Tra le proprietà della natura inanimata che ne rivelano l’ordine profondo possiamo ricordare, per esempio: la semplicità ed eleganza delle leggi fondamentali della natura, il numero limitato di forze fondamentali, gli accoppiamenti e le simmetrie tra le particelle fondamentali ecc. (come ci ricorda il bel libro di Frank Wilczek, premio Nobel per la Fisica, Una bellissima domanda. Scoprire il disegno profondo della natura).

Ora, però, se escludiamo il “disegno intelligente” anche questi aspetti dell’ordine naturale dovrebbero essere casuali.
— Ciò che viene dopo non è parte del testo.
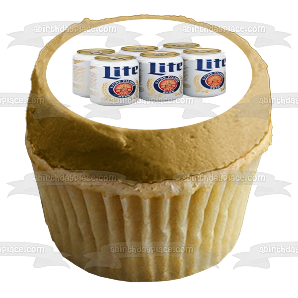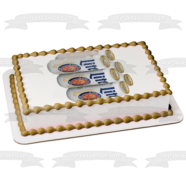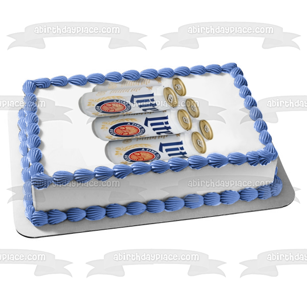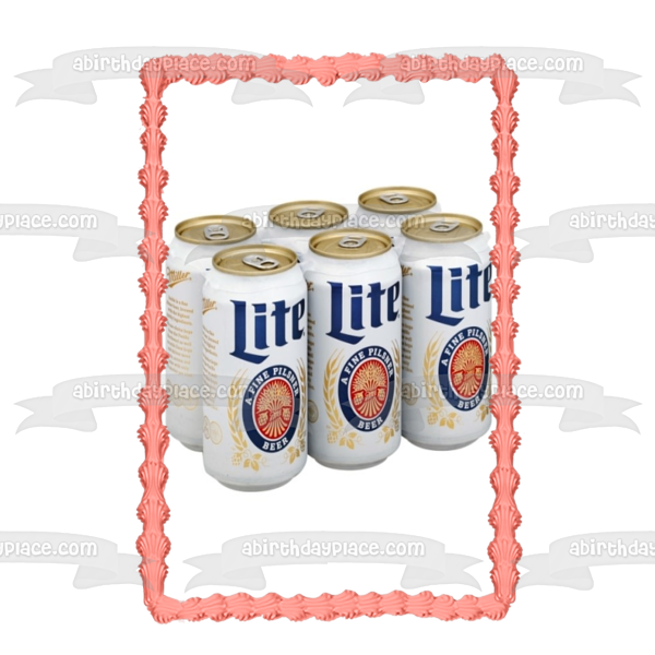 ¡Decora tu pastel con esta imagen de adorno comestible para pastel con temática de cerveza Miller Lite que incluye un paquete de 6 latas!

Il che, però, avrebbe una conseguenza devastante: nulla potrebbe garantire che, in ciascun istante successivo, l’ordine strettamente fisico dell’universo non si dissolva. In altre parole, se abitassimo in un universo solo casualmente ordinato, tra un istante l’attrazione gravitazionale potrebbe cessare o invertire il proprio verso (con effetti catastrofici sulla vita intelligente, cioè su di noi), perché le stesse leggi naturali avrebbero un’esistenza casuale, non sarebbero “garantite” in termini di durata e di efficacia da alcunché. Tuttavia, noi non ci aspettiamo niente del genere. Il postulato sotteso alle nostre aspettative è, dunque, che l’ordine reale sia “più solido” di quello che sarebbe scaturito semplicemente dall’oceano in tempesta del puro caso.

Nella stessa direzione va il cosiddetto paradosso del cervello di Boltzmann, che così possiamo compendiare:  in ultima analisi, se non vi fosse, nell’universo, una tendenza positiva a favore dell’ordine (dell’organizzazione, della vita, della coscienza…), ma tutto fosse casuale, la probabilità che sorgano dal nulla, improvvisamente, “cervelli” perfettamente funzionanti, ma effimeri, magari con ricordi falsi, sarebbe molto più alta di quella che cervelli simili si sviluppino in milioni di anni, per selezione naturale, a poco a poco (cosa che, viceversa, sarebbe accaduto se hanno ragione coloro che congetturano che i nostri cervelli si siano evoluti “darwinisticamente”). Eppure noi non registriamo l’apparire e lo scomparire qua e là degli effimeri “cervelli di Boltzmann”, ma solo il persistere dei nostri cervelli, durevoli e coerenti, nonché ben integrati in corpi umani quasi perfettamente funzionali e adattati all’ambiente che li circonda. Il che suggerisce, di nuovo, l’esistenza di un ordine più solido di quanto non sarebbe se tutto fosse scaturito e tuttora scaturisse, casualmente, sempre di nuovo dal caos.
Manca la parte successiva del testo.